Paragraph 31: Again, David Giordano confuses the illegal agreement with its implementation. McConnell testified that the defendants agreed to drop their scale prices, setting maximum prices to be paid for various grades of scrap. Atlas and Sunshine documents (scale tickets and summaries of scale tickets) conclusively show the defendants did, in fact, drop their prices consistent with the collusive agreement. In particular, Atlas and Sunshine followed the agreement most closely with respect to the agreed-upon prices to be paid to car suppliers. In many cases, the prices actually paid to the car suppliers by the defendants were identical.
David Giordano continues, however, to confuse issues with his muddled argument about the difference between "delivered" and "picked- up" prices. Again, this issue concerns only the implementation of the illegal agreement; it does not undercut in any way the uncontroverted testimony of McConnell and Kovinsky that the defendants struck a deal at Sea Ranch fixing the maximum price to be paid to specific suppliers, fixing the maximum price to be paid to suppliers within specific geographic areas, and fixing the maximum price to be paid for specific grades of scrap.
Paragraph 34: This objection concerning the volume of commerce affected by the conspiracy and attributable to David Giordano is misguided. The United States submits that, based on the evidence, the volume of commerce affected by the conspiracy and attributable to David Giordano is $614,436.39. See U.S.S.G. §2R1.1. U.S.S.G. §1B1.3 provides that all relevant conduct may be considered in establishing the appropriate Guidelines offense level for a defendant and the concomitant criminal fine.

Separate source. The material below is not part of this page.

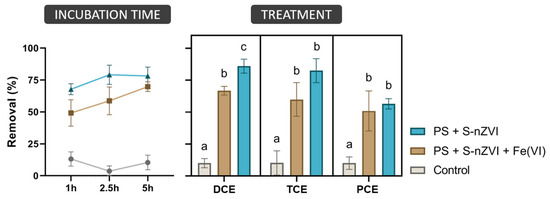 Additionally, 5 h reactions with unspiked GW demonstrated the removal of chlorinated solvents at low concentrations. As shown in Figure 4, TCE and PCE’s removals were around 73–94%. In the case of the unspiked GW samples, as DCE was not detected, no elimination was reported for this compound. Hence, this study has shown that a PS + S-nZVI treatment efficiently removes TCE and PCE statistically similarly.

David Giordano's reliance on United States v. SKW Metals & Alloys, Inc., 4 F. Supp. 2d 166, 167 (W.D.N.Y. 1997) ignores contrary -- and more compelling -- relevant case law. In United States v. Hayter Oil Co., Inc., 51 F.3d 1265 (6th Cir. 1995), the Sixth Circuit agreed with the government's conclusion that "there is nothing in the language of the Antitrust Guideline [U.S.S.G. §2R1.1,] that suggests that the Sentencing Commission intended the district court ç²xclude from a defendant's volume of commerce sales of a product that was the direct object of a price-fixing agreement, because those sales were made at less than the agreed-upon price.'" Hayter Oil, 51 F.3d at 1273. Rather, the court in Hayter Oil held:
Construing the plain language of the Antitrust Guideline, we conclude that the volume of commerce attributable to a particular defendant convicted of price-fixing includes all sales of the specific types of goods or services which were made by the defendant or his principal during the period of the conspiracy, without regard to whether individual sales were made at the target price.

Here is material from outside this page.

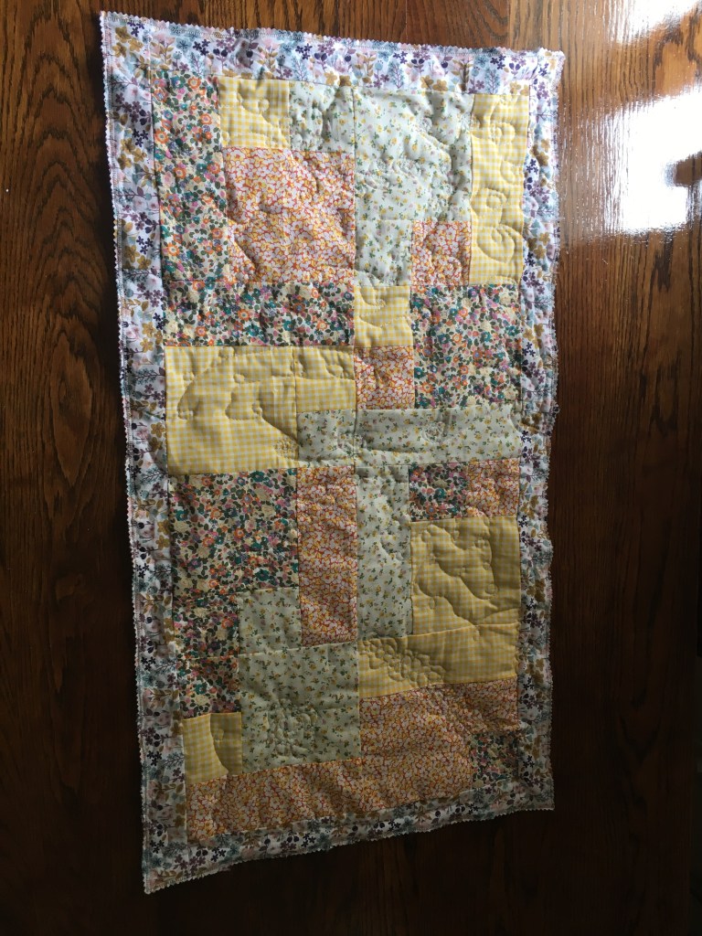 Je me suis entraînée à matelasser à la machine mon chemin de table.

Hayter Oil, 51 F.3d at 1273.
The Hayter Oil court found its conclusion about the application of the Antitrust guideline to be "consistent with the purposes of the Sherman Act." Hayter Oil, 51 F.3d at 1273. The court acknowledged that all price-fixing agreements are illegal per se.Id. The court in Hayter Oil posited the following:
It would be an anomaly to declare price- fixing illegal per se, without regard to its success, merely because of its plainly anticompetitive effect, but to provide for a fine only if the price-fixing were successful. Such a rule would result in the government being relieved of the burden of ascertaining a conspiracy's effect and success for purposes of obtaining a conviction only to have to bear that very burden to establish the propriety of any fine.

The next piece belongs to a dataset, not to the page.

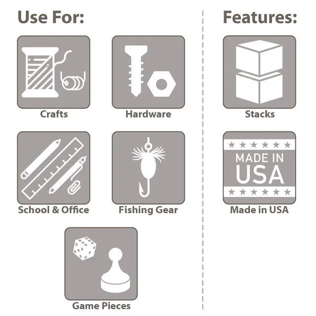 • GREAT FOR- Bolts, nuts, screws and other hardware organizer, beads, beading and jewelry making supplies, electrical and electronic parts, sewing notions and sewing machine accessories, school supplies, office supplies, hobby collecting, tools and accessories, game tokens and pieces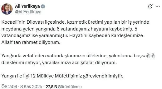 "Dilovası İlçemizde Mimar Sinan Mahallesi'nde bulunan bir kozmetik fabrikasında bugün 09.05'de yangın meydana gelmiştir. Olay mahallinde AFAD, Emniyet, Sağlık ve Kocaeli Büyükşehir Belediyesi İtfaiye ekiplerince müdahele edilen yangın söndürülmüş olup, soğutma çalışmaları ve incelemeler devam etmektedir. Meydana gelen yangında 6 vatandaşımız hayatını kaybetmiş ve 1 vatandaşımız da yaralanmıştır."

Hayter Oil, 51 F.3d at 1274.
In addition, the court in Hayter Oil found that its interpretation of U.S.S.G. §2R1.1 is entirely consistent with the Sentencing Commission's Commentary to the Antitrust Guideline, which is to be given controlling weight so long as it does not violate the Constitution or a federal statute. Hayter Oil, 51 F.3d at 1274. The Court stated that it "clearly appears that the Sentencing Commission intended that the government have the benefit of a per se rule both at trial and at sentencing to avoid the protracted inquiry into the day-to- day success of the conspiracy." Id. Accordingly, the Hayter Oil court rejected the defendants argument that the volume of commerce attributable to them consisted of only the 40 weeks when the conspirators successfully achieved their target price, and instead held that the volume of commerce for purposes of sentencing under U.S.S.G. §2R1.1 involved "all sales of gasoline made by the defendants during the entire 234-week period of the conspiracy." Id.
The defendant also ignores the recent decision in United States v. Michael D. Andreas, et al., 1999 WL 51806 (N.D. Ill.), in which the court followed the reasoning of the Sixth Circuit in Hayter Oil and expressly rejected the district court's reasoning in SKW Metals. Andreas, at *2. In Andreas, the court concluded that the decision in SKW Metals "is flawed because it imposed a narrow construction of affect based on an erroneous interpretation of §2R1.1's background and application notes." Andreas, at *2. The court stated: "Indeed, the application notes clearly demonstrate that affect should be broadly construed in a manner to effectuate the per se rule." Id. According to the Andreas court,
Whether the agreement actually caused the objective price increase is irrelevant because the definition [of "affect"] neither guarantees nor requires the causal force to induce a response or reaction. Instead the stimulus must present a possible response or reaction. Hence, the plain meaning permits a broad construction to attach liability even if there is only a theoretical affect on commerce, regardless of its actual effect on the price of lysine.
Andreas, at *2.
Accordingly, the court held consistent with Hayter Oil that, for sentencing purposes under U.S.S.G. §2R1.1, all domestic lysine sales made by the Archer Daniels Midland Corporation during the scope of the conspiracy should be included as volume of commerce attributable to the defendant, Michael Andreas. Andreas, at *3.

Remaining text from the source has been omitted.